На станции поднимается паника. Немцы бегают как наскипидаренные, слышны истерические вопли: «Алярм! Алярм! Алярм! Руссише панцер!». На подъездные пути вламывается десяток БМП и, ведя огонь, проходят станцию из конца в конец, сметая все на своем пути. Неожиданно гаснет свет, но нам с нашими ПНВ так даже лучше. Сонное царство на зенитных батареях, прикрывающих станцию, уже проснулось. Двадцатимиллиметровые «Флаки» пытаются открыть огонь, но снаряды 100-мм пушек БМП разбрасывают их словно игрушечные. От уцелевших орудий перепуганные расчеты прыскают в темную степь
Внезапно со стороны Днепра тоже начинается стрельба. Как раненая корова кричит простреленный навылет паровоз. Пытавшийся сбежать эшелон застрял на выходной стрелке. Что-то ярко горит у водокачки, выбрасывая в небо багровые отблески… Сутолока ночного боя бессмысленна и беспорядочна. И только наши приборы ночного видения, да надежная связь, вносят в бой некое подобие порядка.
Станция нами захвачена. Захвачена за счет дерзости, неожиданности и превосходства в огневой мощи. Ну и дозированного нахальства. Осталось лишь подавить оставшиеся очаги сопротивления и подсчитать трофеи. В здании вокзала наши новички сначала забросали немцев гранатами, а потом сошлись с ними в рукопашную.
Выпрыгиваю из люка БМП; внутри здания слышен жуткий мат и звуки ударов. Внезапно одно из окон вылетает вместе с рамой на улицу, и в снег вниз головой втыкается жирный оберст. Да, не обижен силушкой тот, кто сумел вышвырнуть в окно такую тушу… В здании вдруг все затихло – очевидно, русская народная забава «стенка на стенку» закончилась вместе с немцами. Лишь бы наши там не сильно пострадали, ведь операция только началась, и лишние потери нам ни к чему. Ведь их же учили, как нужно зачищать объект с наименьшими хлопотами и наибольшими потерями для противника. Тем более что противник у них – тыловые крысы, с которыми вообще можно было справиться одной левой. Ладно, оставим разбор полетов на потом, сейчас нас ждут другие дела.
– Старший лейтенант Борисов, за мной!
Вместе со взводом разведчиков быстрым шагом, почти бегом, направляемся в сторону теплушек, на боках которых намалеваны крупные белые буквы «RUS». Во тьме мечутся круги света от ручных фонарей.

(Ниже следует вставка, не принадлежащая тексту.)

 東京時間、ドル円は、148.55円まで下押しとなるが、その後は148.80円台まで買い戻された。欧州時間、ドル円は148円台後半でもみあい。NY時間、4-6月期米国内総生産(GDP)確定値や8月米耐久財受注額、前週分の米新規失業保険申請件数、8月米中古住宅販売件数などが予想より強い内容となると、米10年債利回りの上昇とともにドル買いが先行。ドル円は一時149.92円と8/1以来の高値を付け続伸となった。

Борисов передает свою неразлучную «светку» бойцу, подбирает с земли брошенный кем-то немецкий «кар-98» и со всей дури бьет прикладом по замку. Жалобно звякнув, замок улетает куда-то во тьму, створка вагонной двери отъезжает в сторону, и в темном проеме появляются белые лица пленных. Они смущены и испуганы. Ведь внешне мы мало похожи на обычных бойцов Красной Армии – слишком уж хорошо обмундированы и обильно вооружены. У половины к тому же трофейное оружие. Кроме того, в интересах политической целесообразности товарищ Сталин настоял, чтобы нашим морпехам вернули погоны. Но в тоже время знаки различия на петлицах тоже никто не отменял. Так что я теперь дважды майор – две «шпалы» в петлицах и по одной большой звездочке защитного цвета на погонах. Сделано, что называется, для введения в заблуждения «японской разведки». Чем больше разной информации, противоречащей друг другу, получат орлы адмирала Канариса и прочие МИ-6, тем труднее будет из этого сумбура выудить зерно истины. А тот, кто случайно это сделает, решит, что это грубая дезинформация.

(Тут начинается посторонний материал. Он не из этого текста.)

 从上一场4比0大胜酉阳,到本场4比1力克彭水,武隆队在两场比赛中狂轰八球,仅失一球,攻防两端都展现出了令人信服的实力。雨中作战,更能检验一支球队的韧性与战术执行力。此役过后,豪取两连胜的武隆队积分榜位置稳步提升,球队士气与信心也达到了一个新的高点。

Я киваю, и Борисов командует:
– Товарищи, командиры и бойцы, выходите наружу по одному. Стройтесь у вагона…
Наверное, ему хочется броситься к этим людям, обнять их, сказать, что они свободны… Но мы успели переговорить с ним в пути и намекнули, что среди пленных могут быть предатели и прочие морально неустойчивые личности. Посмотрим, кто и как отреагирует на наши погоны.
Люди по одному спрыгивали на насыпь и строились вдоль вагона. У большинства шинели и ватники были без ремней, но оказались и такие, кто был одет в одни гимнастерки – по всей видимости, в плен они попали еще ранней осенью. Все пленные давно не мыты и истощены до крайности. Удивительного в этом мало – ведь плен далеко не курорт. Наверное, они не захотят попадать в неволю во второй раз.